Give back the entries exactly as they read, leaving each image out.

---------------

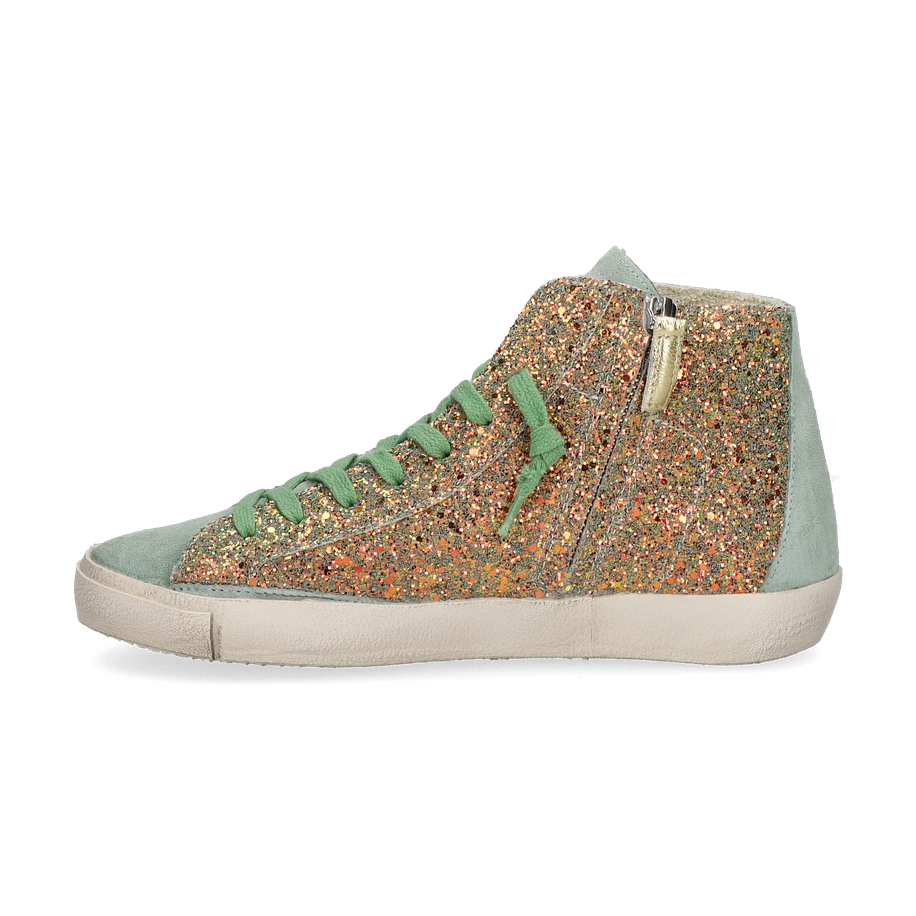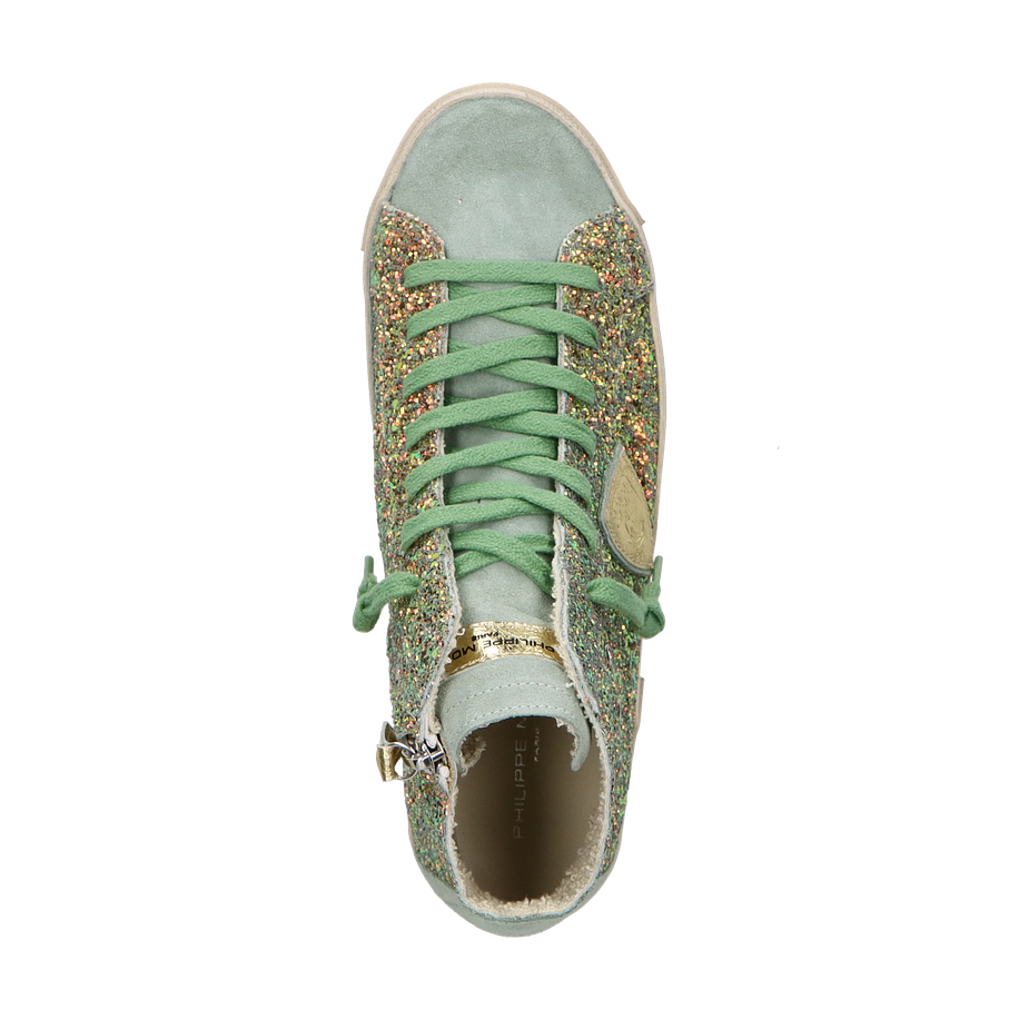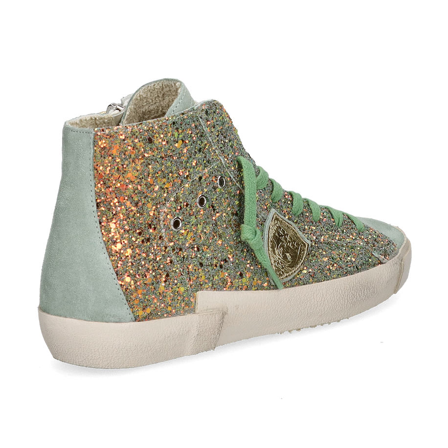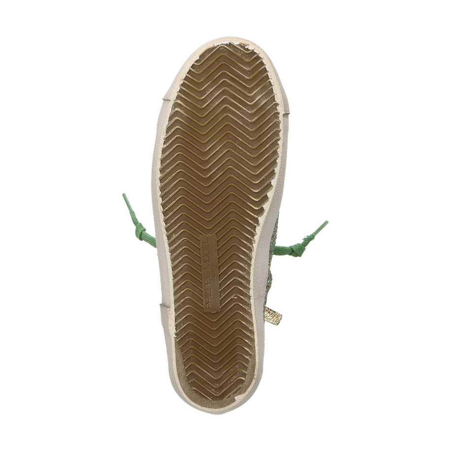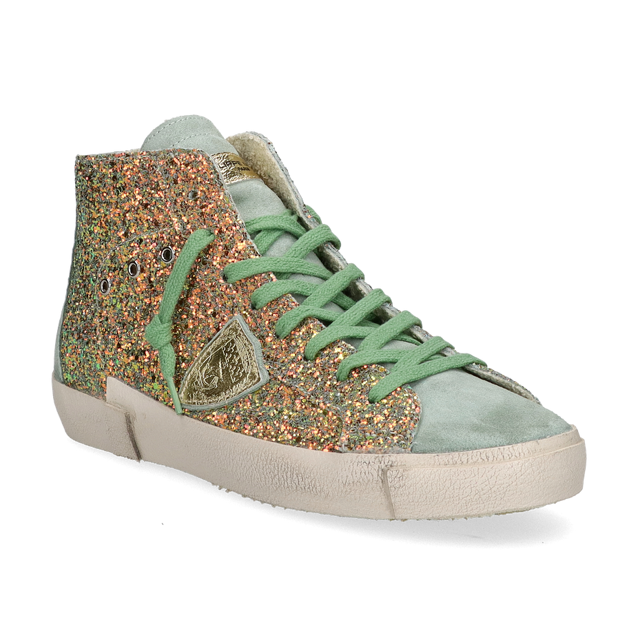 Preis inkl. MwSt.Der PRSX HIGH Sneaker von Philippe Model für Damen präsentiert sich in einem auffälligen Design, das durch seine grüne Farbgebung und die glitzernden Details besticht. Der hohe Schaft und die grünen Schnürsenkel verleihen diesem Schuh einen modernen und zugleich verspielten Look. Die Kombination aus Leder und sonstigem Material im Obermaterial sorgt für eine ansprechende Optik, während das textile und lederne Innenfutter Komfort und Atmungsaktivität bietet.
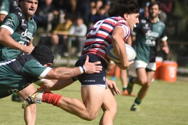 Eso motivó, hasta llegar a la primera conquista para SFRC. Intento de rechazo del 10 de Tucumán Rugby, gran “tapa” de Tomás Derito, la pelota que sale disparada al ingoal “verdinegro” y en la carrera, el pilar izquierdo, se terminó imponiendo para apoyar el primer try de su equipo.
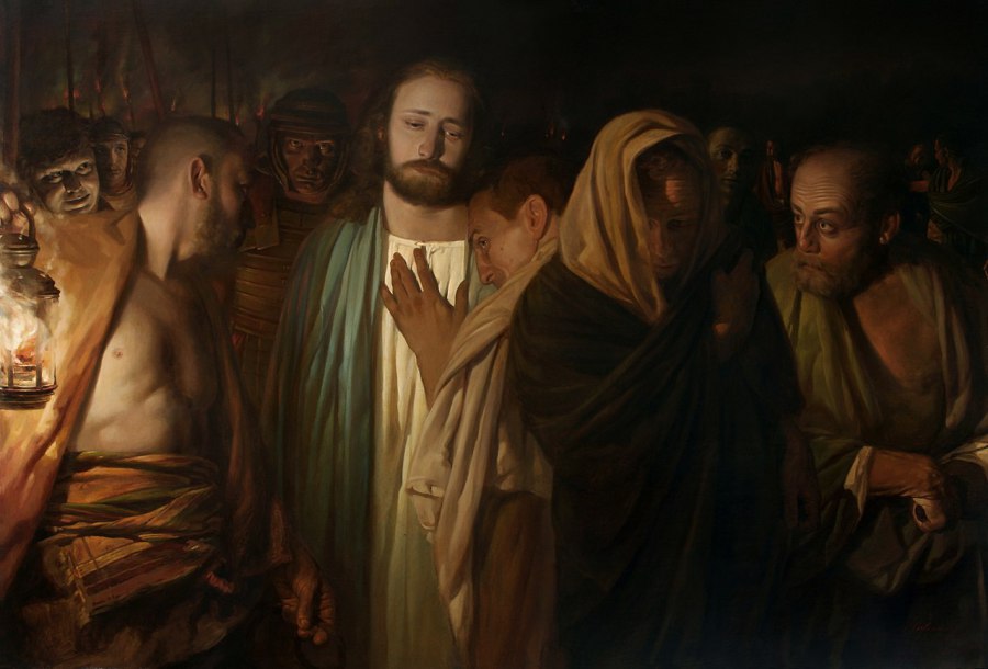 Lk 22, 52 Zu den Hohepriestern aber, den Hauptleuten der Tempelwache und den Ältesten, die vor ihm standen, sagte Jesus: Wie gegen einen Räuber seid ihr mit Schwertern und Knüppeln ausgezogen. 53 Tag für Tag war ich bei euch im Tempel und ihr habt nicht Hand an mich gelegt. Aber das ist eure Stunde und die Macht der Finsternis. 54 Darauf nahmen sie ihn fest, führten ihn ab und brachten ihn in das Haus des Hohepriesters. Petrus folgte von Weitem.
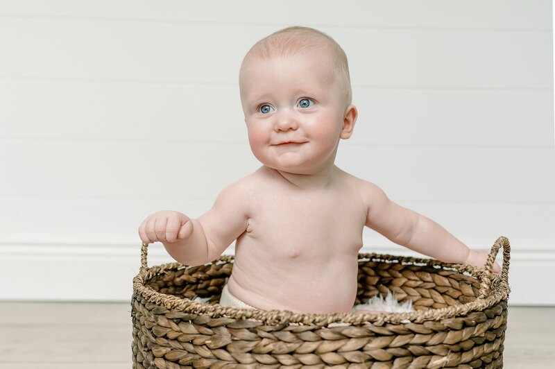Keeping in mind all babies hit milestones at different times, this session typically takes place between 6-8 months. It's a fun times to document as your baby is likely laughing and reacting to you, sitting, maybe even getting into the crawling position. Since they aren't quite mobile we usually get some really precious images- you can consider it the last time they willingly stay still for photos.
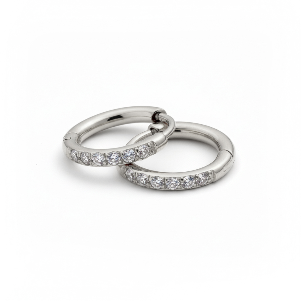 Egy pár orvosi acél huggie karika kövekkel
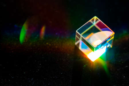 Glass cube with color spectrum rays. Abstract background with reflection and refraction of light.
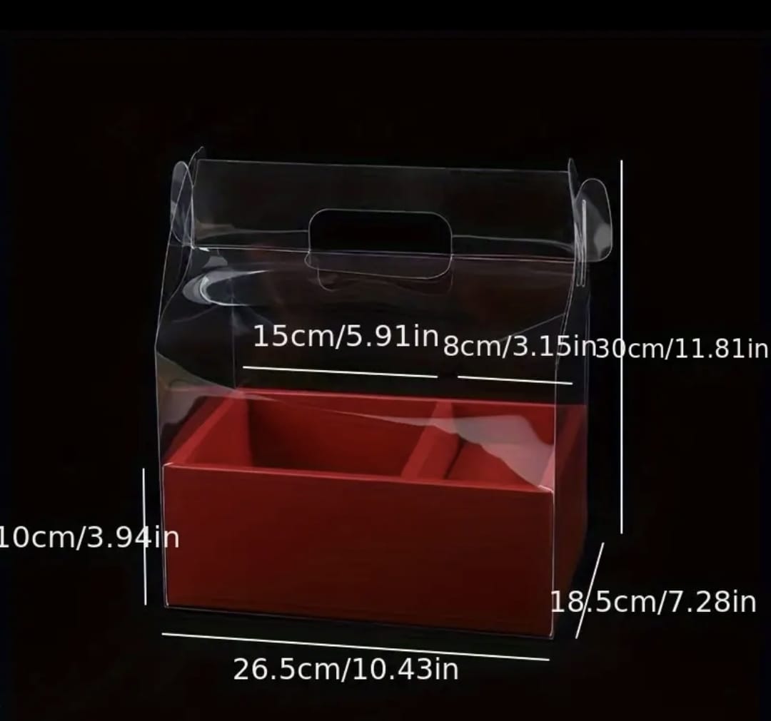 The materials used are not only aesthetically pleasing but also durable. The thick PVC maintains its clarity over time and resists deformation, while the sturdy cardboard base supports floral foams, bouquets, or heavier items like sweets and mini bottles. The ergonomic carry handle ensures it remains comfortable to hold even when filled.
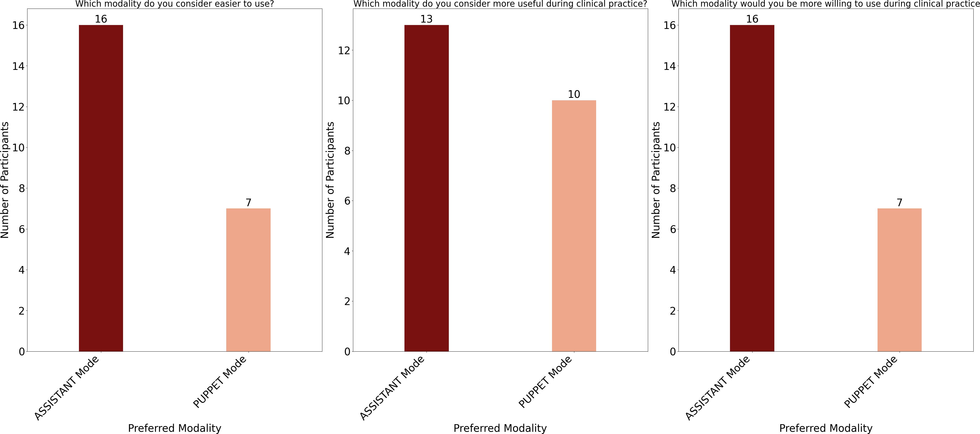 Results: Both modes were considered effective and user-friendly. Assistant mode was perceived as more intuitive and adaptable, facilitating seamless interaction, whereas Puppet mode was judged slightly more reassuring for patients and somewhat more appropriate in terms of robot actions.
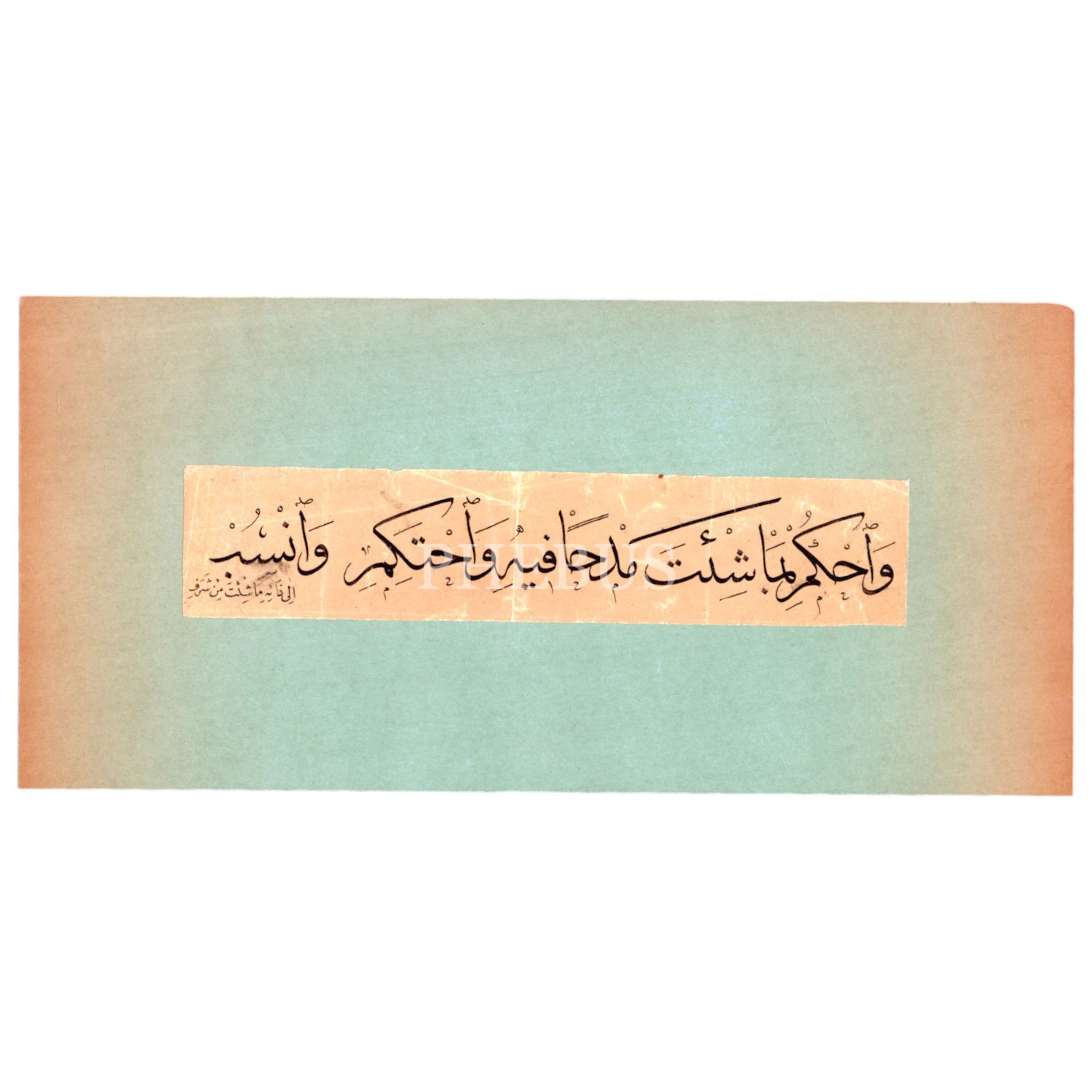 Hoca işi sülüs-nesih Kaside-i Bürde beyit, yazı ölçü:20x4 cm, kağıt ölçü: 30x14 cm...

---------------

• Written response
 Preis inkl. MwSt.Der PRSX HIGH Sneaker von Philippe Model für Damen präsentiert sich in einem auffälligen Design, das durch seine grüne Farbgebung und die glitzernden Details besticht. Der hohe Schaft und die grünen Schnürsenkel verleihen diesem Schuh einen modernen und zugleich verspielten Look. Die Kombination aus Leder und sonstigem Material im Obermaterial sorgt für eine ansprechende Optik, während das textile und lederne Innenfutter Komfort und Atmungsaktivität bietet.
 Eso motivó, hasta llegar a la primera conquista para SFRC. Intento de rechazo del 10 de Tucumán Rugby, gran “tapa” de Tomás Derito, la pelota que sale disparada al ingoal “verdinegro” y en la carrera, el pilar izquierdo, se terminó imponiendo para apoyar el primer try de su equipo.
 Lk 22, 52 Zu den Hohepriestern aber, den Hauptleuten der Tempelwache und den Ältesten, die vor ihm standen, sagte Jesus: Wie gegen einen Räuber seid ihr mit Schwertern und Knüppeln ausgezogen. 53 Tag für Tag war ich bei euch im Tempel und ihr habt nicht Hand an mich gelegt. Aber das ist eure Stunde und die Macht der Finsternis. 54 Darauf nahmen sie ihn fest, führten ihn ab und brachten ihn in das Haus des Hohepriesters. Petrus folgte von Weitem.
Keeping in mind all babies hit milestones at different times, this session typically takes place between 6-8 months. It's a fun times to document as your baby is likely laughing and reacting to you, sitting, maybe even getting into the crawling position. Since they aren't quite mobile we usually get some really precious images- you can consider it the last time they willingly stay still for photos.
 Egy pár orvosi acél huggie karika kövekkel
 Glass cube with color spectrum rays. Abstract background with reflection and refraction of light.
 The materials used are not only aesthetically pleasing but also durable. The thick PVC maintains its clarity over time and resists deformation, while the sturdy cardboard base supports floral foams, bouquets, or heavier items like sweets and mini bottles. The ergonomic carry handle ensures it remains comfortable to hold even when filled.
 Results: Both modes were considered effective and user-friendly. Assistant mode was perceived as more intuitive and adaptable, facilitating seamless interaction, whereas Puppet mode was judged slightly more reassuring for patients and somewhat more appropriate in terms of robot actions.
 Hoca işi sülüs-nesih Kaside-i Bürde beyit, yazı ölçü:20x4 cm, kağıt ölçü: 30x14 cm...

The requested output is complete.